The way the code works should be also generalized, if for example I would change the size of the output, so that I could have 3 dates repeating instead of 5, and also if I change the offsetting back in time.
I was trying to write a function that takes those 2 parameters and returns the entire dataframe with the dates properly shifted, but I am having a hard time find the way to reproduce the pattern correctly.
Here there is a piece of code for my function that should take every piece of dataframe referring to a company, elaborate it and then concatenate again to form the new dataframe:
def modify_forecasts_dates(fc,offset,output_size):
#extract the company names
companies = fc.index.get_level_values(0).unique()
cmp_to_concat = []
for tick in companies:
cmp = fc.loc[tick]
cmp.insert(0, 'ROW_NUM', range(1,len(cmp)+1))
cmp['BOOL'] = np.where((np.mod(cmp['ROW_NUM'],output_size)==0), 'OK', 'MODIFY')

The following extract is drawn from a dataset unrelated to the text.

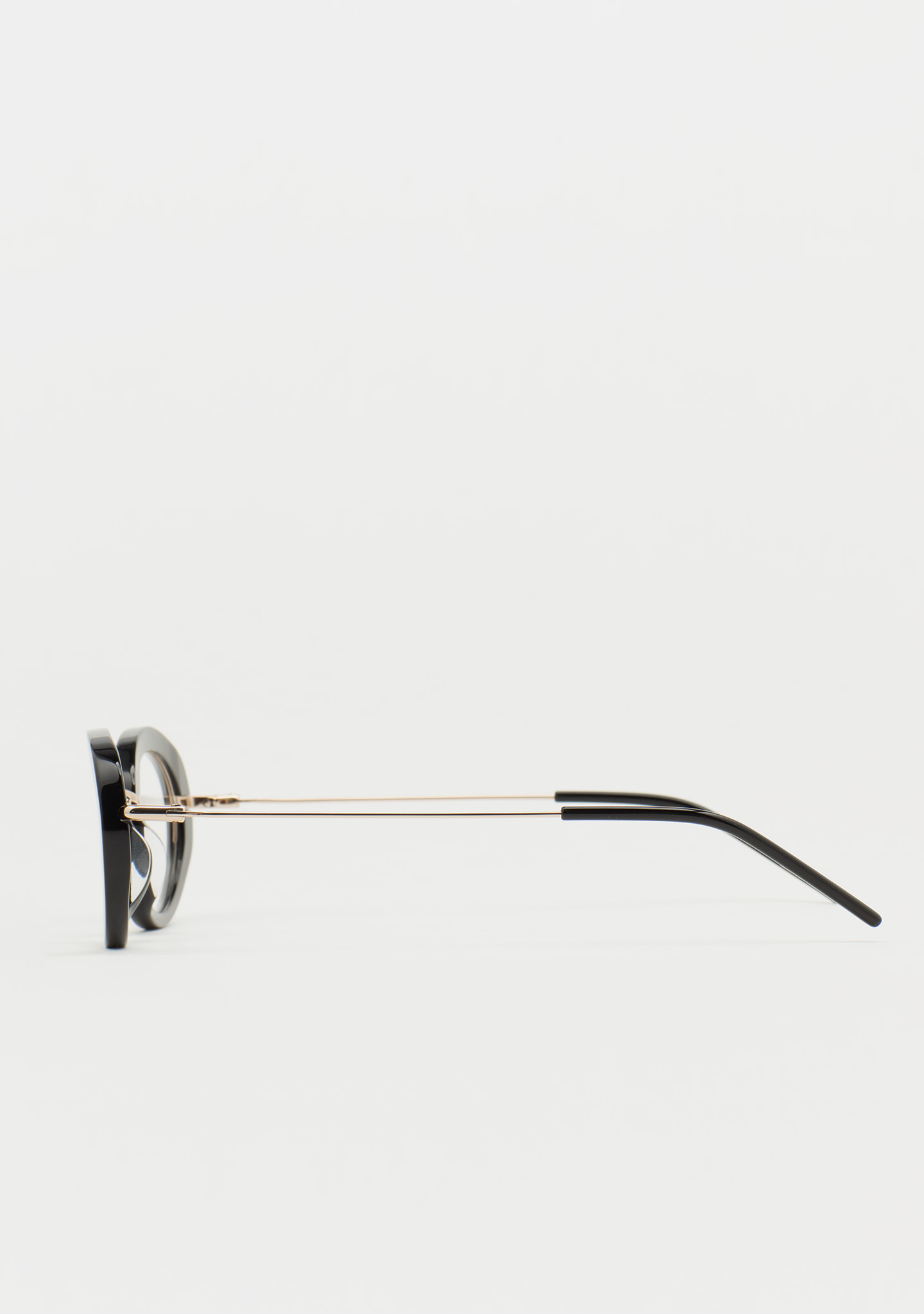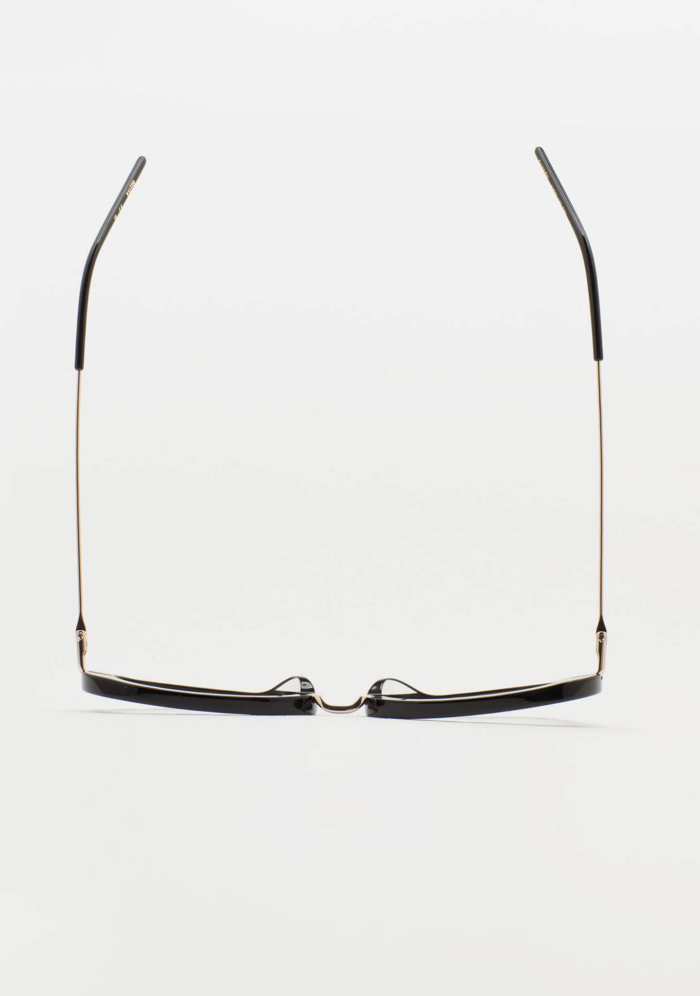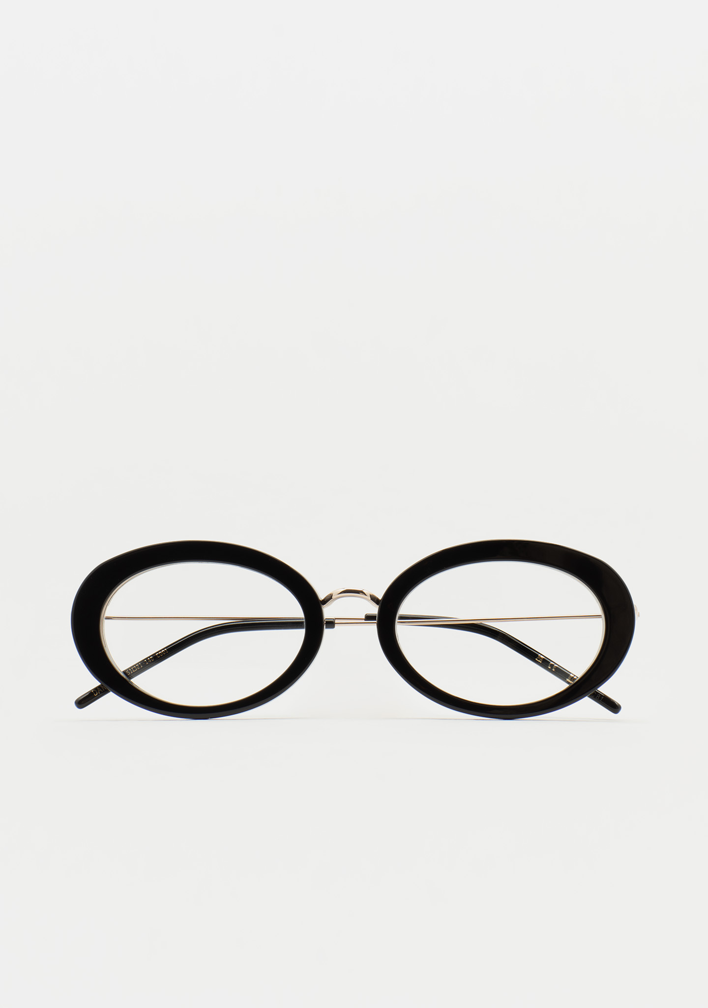 Lunettes de vue de forme ovale. Artisanales et contemporaines. Face en acétate noir. Structure et pont en acier inoxydable doré. Branches en acier inoxydable avec embouts en acétate noir. Plaquettes en acétate intégrées. Fabriquées à la main.
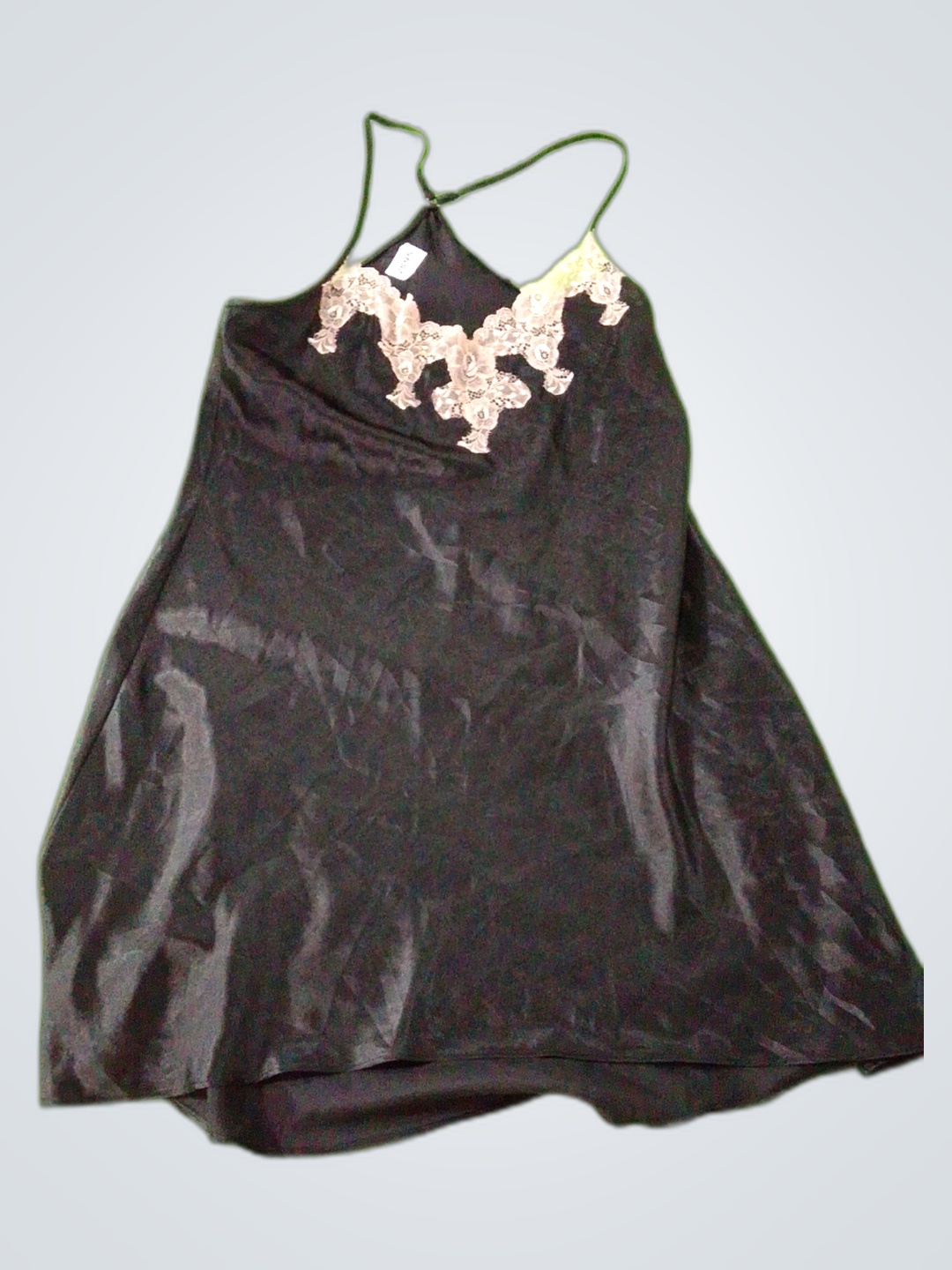 Black Satin Cami with Lace Detail

#cmp.drop(labels=['ROW_NUM','BOOL'],inplace=True)
cmp_to_concat.append(cmp)
final_df = pd.concat(cmp_to_concat)
return final_df
I firstly tried to insert a count row number, to identify which are the row that do not need to be changed, namely every last row of a piece of output. The problem still remains because then I don't know how to update all observation before the last output row.
Is there an easy way to take the dataframe by a step of 5 row (or equivalently by a step of output size) and properly offset all the preceding dates, obtaining t, t-offset, t-2*offset and so on?
I know it is a bit complicated to udnerstand what I need to do, but I am really struggling. I could do it by hand, but it's preferable to automatize the process.
Upvotes: 0
Views: 308
Reputation: 150745
I assume your data will come in group of num_year
rows (in this case num_year=5
). Also, I found it unsafe to have non-unique index, which make updating a column more difficult. So I choose to reset index:
# sample data
df = pd.DataFrame({'tic':['a']*10+['b']*20,
'date': sorted(list(pd.date_range('2018-01-01', '2018-01-06', freq='d')
)* 5 )}).set_index('tic')
# make sure companies are grouped together,
# skip if they are already
df = df.reset_index().sort_values(['tic','date'])
num_year = 5
# offset pattern
delta = pd.Series([pd.DateOffset(years=i)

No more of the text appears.